Buddhists stole my clarinet... and I'm still as mad as Hell about it! How did a small-town boy from the Midwest come to such an end? And what's he doing in Rhode Island by way of Chicago, Pittsburgh, and New York? Well, first of all, it's not the end YET! Come back regularly to find out. (Plant your "flag" at the bottom of the page, and leave a comment. Claim a piece of Rhode Island!) My final epitaph? "I've calmed down now."

Tuesday, October 27, 2009

Why the White House and Congress won't break up the banks

There are plenty of good reasons to break up the behemoth banks -- just not good enough for Obama

By Robert Reich

Oct. 26, 2009

And now there are five -- five Wall Street behemoths, bigger than they were before the Great Meltdown, paying fatter salaries and bonuses to retain their so-called"talent," and raking in huge profits. The biggest difference between now and last October is these biggies didn't know then that they were too big to fail and the government would bail them out if they got into trouble. Now they do. And like a giant, gawking adolescent who's just discovered he can crash the Lexus convertible his rich dad gave him and the next morning have a new one waiting in his driveway courtesy of a dad who can't say no, the biggies will drive even faster now, taking even bigger risks.
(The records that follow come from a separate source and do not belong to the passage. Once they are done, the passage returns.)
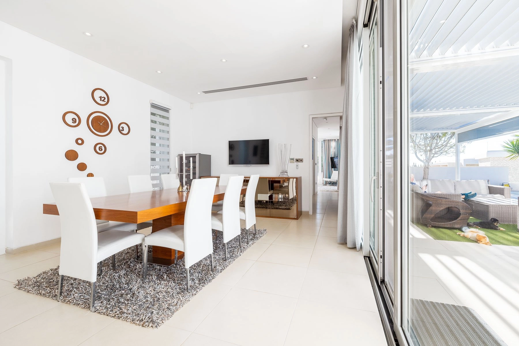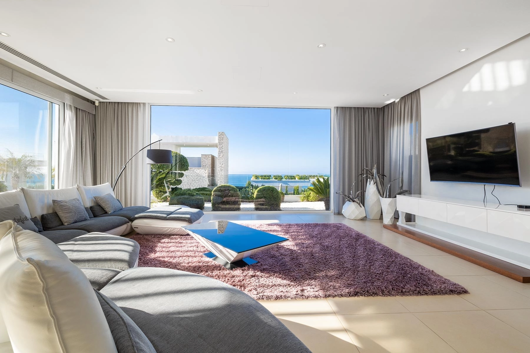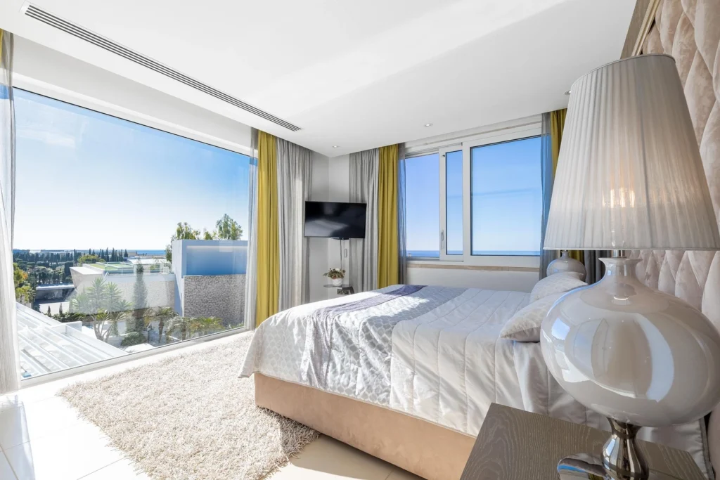 The villa, set on three levels, features an amazing spacious sunlit living room, an equally large modern kitchen and dining room, and one of the bedrooms on it’s ground level. The remaining three bedrooms are tucked away on the top floor, all featuring amazing views, tastefully selected top quality furniture, and huge bathrooms. All the living areas boast floor-to-ceiling windows, VRV air-conditioning, spotlights, and underfloor heating.
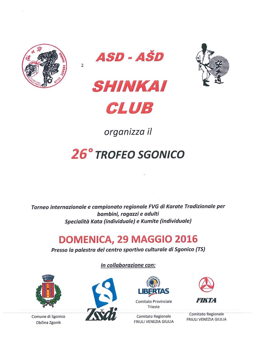 Trieste, 7.4.2016 - Lo Shinkai Club organizza il 29 maggio il 26.mo Trofeo Internazionale e campionato regionale FVG di Karate Tradizionale per bambini, ragazzi e adulti. Le specialità saranno Kata individuale e Kumite individuale.
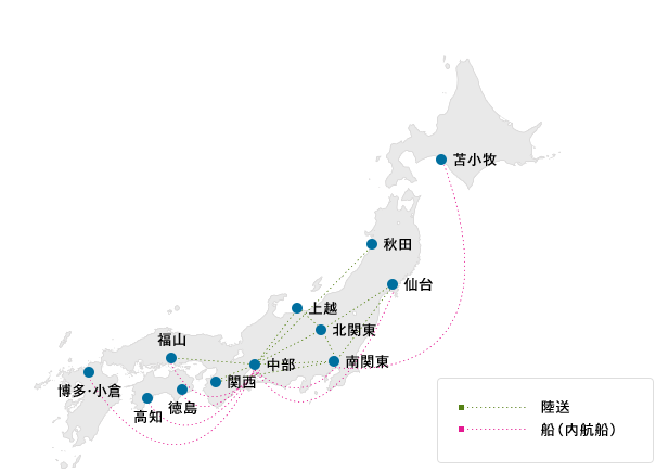 5か所の大型物流センターを含め日本全国に物流拠点を展開しております。
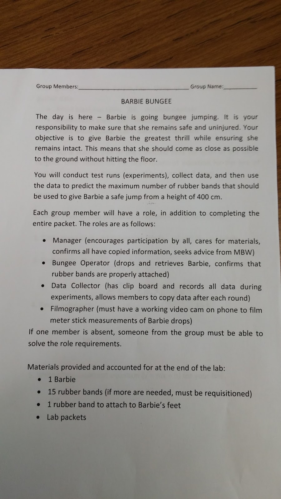 Today is the last day for which class time was given to complete data collection, graphs, and predictions prior to the FINAL TEST on Monday. On Monday, student groups will agree on the number of rubber bands to attach to their Barbie and drop her from a height of 400 cm. The target is to have their Barbie come as close to the ground as possible WITHOUT hitting the ground.

What to do? Two ideas are floating around Washington, but only one is supported by the Treasury and the White House. Unfortunately, it's the wrong one.

The right idea is to break up the giant banks. I don't often agree with Alan Greenspan but he was right when he said last week that "[i]f they're too big to fail, they're too big." Greenspan noted that the government broke up Standard Oil in 1911, and what happened? "The individual parts became more valuable than the whole. Maybe that's what we need to do." (Historic footnote: Had Greenspan not supported in 1999 Congress's repeal of the Glass Stagall Act, which separated investment from commercial banking, we wouldn't be in the soup we're in to begin with.)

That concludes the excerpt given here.